One explanation of this "dissonance" that speaks louder than words is by witnessing an individual who has been taught to communicate using a device. It demolishes assumptions that "just because you can't speak doesn't mean you don't have anything to say." Perhaps that is the best example we need in order to heed our words and monitor our attitudes towards every disabled individual who might otherwise be assumed "unaware," and thus subject to various "treatments" that we as parents and a society feel is in their "best interest."

I also look forward to more discussion about autistic individuals and what they contribute to the Canadian economy -- both in the work force and through their unpaid volunteer and creative work (Bruce Mau in the exhibition Massive Change, estimated volunteerism and unpaid workers to be the billion dollar engine of today's economy). Right now, we only hear about how much autistic people cost, which yet again adds to the stigma they face. I challenge others to valuate their enormous contributions.

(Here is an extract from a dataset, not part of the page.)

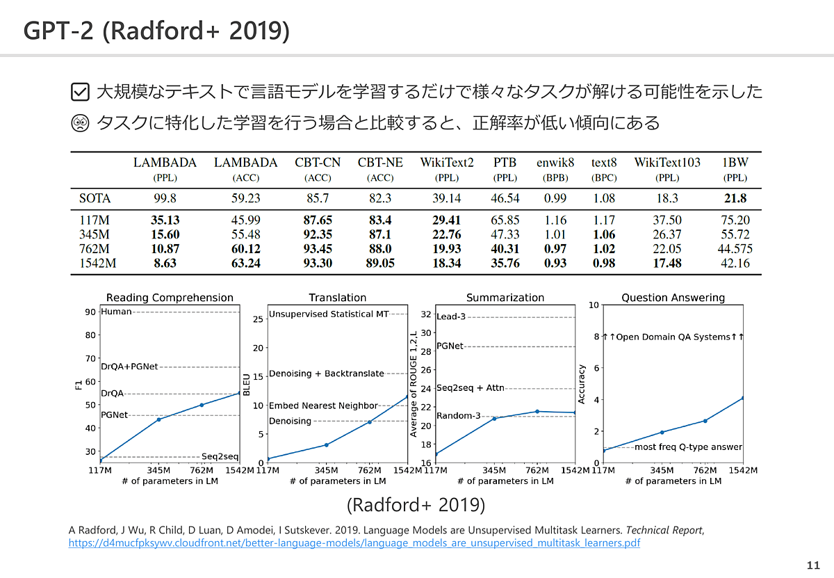 そうした議論の後に台頭したのが「GPT-2」だ。大規模なテキストで言語モデルを学習するだけでさまざまなタスクが解けるという可能性を示したが、「機械翻訳」など特定のタスクに特化したAIと比較すると性能面で劣っているという点が問題とされていた。

So thanks at the attempt, Erin Anderseen of The Globe and Mail. This article was a refreshing change that many of us need in order to move forward, but it's still not the full story reflecting accurately the needs and issues confronting the autistic individuals right now. The article is reduced to the black and white dialogue that the media tends to default to on a regular basis (cure versus no cure) that sadly clouds the real issues and real needs of our community.